* Work instructions
Write down nothing except how many lines in the entries contain "Round".

* Records provided
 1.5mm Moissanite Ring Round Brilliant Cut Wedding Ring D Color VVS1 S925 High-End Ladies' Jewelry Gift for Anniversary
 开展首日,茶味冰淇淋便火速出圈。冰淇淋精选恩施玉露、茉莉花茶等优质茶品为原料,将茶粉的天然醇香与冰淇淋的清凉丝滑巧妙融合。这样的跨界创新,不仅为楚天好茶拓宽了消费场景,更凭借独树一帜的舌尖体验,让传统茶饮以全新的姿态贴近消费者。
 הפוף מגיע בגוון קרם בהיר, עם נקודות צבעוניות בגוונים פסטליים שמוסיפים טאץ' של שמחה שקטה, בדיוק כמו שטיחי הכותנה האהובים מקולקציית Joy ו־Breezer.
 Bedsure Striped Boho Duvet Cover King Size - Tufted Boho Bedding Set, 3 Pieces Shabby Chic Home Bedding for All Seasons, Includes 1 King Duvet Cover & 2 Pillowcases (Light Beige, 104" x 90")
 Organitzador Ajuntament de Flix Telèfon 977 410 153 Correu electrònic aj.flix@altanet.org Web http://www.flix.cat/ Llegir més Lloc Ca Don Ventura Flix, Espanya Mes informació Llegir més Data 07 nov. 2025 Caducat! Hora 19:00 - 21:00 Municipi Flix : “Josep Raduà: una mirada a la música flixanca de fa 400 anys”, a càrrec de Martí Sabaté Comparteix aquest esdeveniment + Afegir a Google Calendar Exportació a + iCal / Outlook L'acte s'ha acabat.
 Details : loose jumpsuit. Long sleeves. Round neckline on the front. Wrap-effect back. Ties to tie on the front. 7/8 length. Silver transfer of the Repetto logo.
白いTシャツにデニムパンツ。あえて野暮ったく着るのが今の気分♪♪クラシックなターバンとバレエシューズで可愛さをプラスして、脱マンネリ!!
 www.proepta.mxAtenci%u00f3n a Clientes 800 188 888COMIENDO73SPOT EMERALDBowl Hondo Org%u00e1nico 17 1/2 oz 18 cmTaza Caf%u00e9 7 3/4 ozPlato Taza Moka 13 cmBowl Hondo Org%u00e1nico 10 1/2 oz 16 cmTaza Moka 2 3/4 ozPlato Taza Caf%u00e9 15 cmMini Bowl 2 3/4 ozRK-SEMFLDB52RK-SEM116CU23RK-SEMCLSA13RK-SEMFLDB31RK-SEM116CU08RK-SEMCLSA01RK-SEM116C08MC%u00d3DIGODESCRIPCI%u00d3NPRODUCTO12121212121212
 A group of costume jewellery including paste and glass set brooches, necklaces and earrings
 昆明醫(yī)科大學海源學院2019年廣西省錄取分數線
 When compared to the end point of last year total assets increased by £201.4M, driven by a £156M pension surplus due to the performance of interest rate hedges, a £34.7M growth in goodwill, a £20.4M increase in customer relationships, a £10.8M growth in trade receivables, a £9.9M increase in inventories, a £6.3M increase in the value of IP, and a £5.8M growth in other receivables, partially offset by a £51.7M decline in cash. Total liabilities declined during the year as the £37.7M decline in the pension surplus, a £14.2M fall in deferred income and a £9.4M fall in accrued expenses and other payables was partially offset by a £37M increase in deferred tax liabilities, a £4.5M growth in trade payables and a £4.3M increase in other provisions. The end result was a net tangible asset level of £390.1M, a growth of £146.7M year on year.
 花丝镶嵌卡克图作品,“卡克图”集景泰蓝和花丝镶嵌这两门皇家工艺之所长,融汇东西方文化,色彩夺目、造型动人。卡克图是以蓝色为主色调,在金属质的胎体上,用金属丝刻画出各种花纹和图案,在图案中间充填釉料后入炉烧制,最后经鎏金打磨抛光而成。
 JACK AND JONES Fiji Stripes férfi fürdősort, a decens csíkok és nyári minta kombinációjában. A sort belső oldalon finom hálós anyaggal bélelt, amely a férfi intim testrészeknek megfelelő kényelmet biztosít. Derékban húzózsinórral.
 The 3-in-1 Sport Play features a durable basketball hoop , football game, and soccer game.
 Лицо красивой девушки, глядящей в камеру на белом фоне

* Written response
2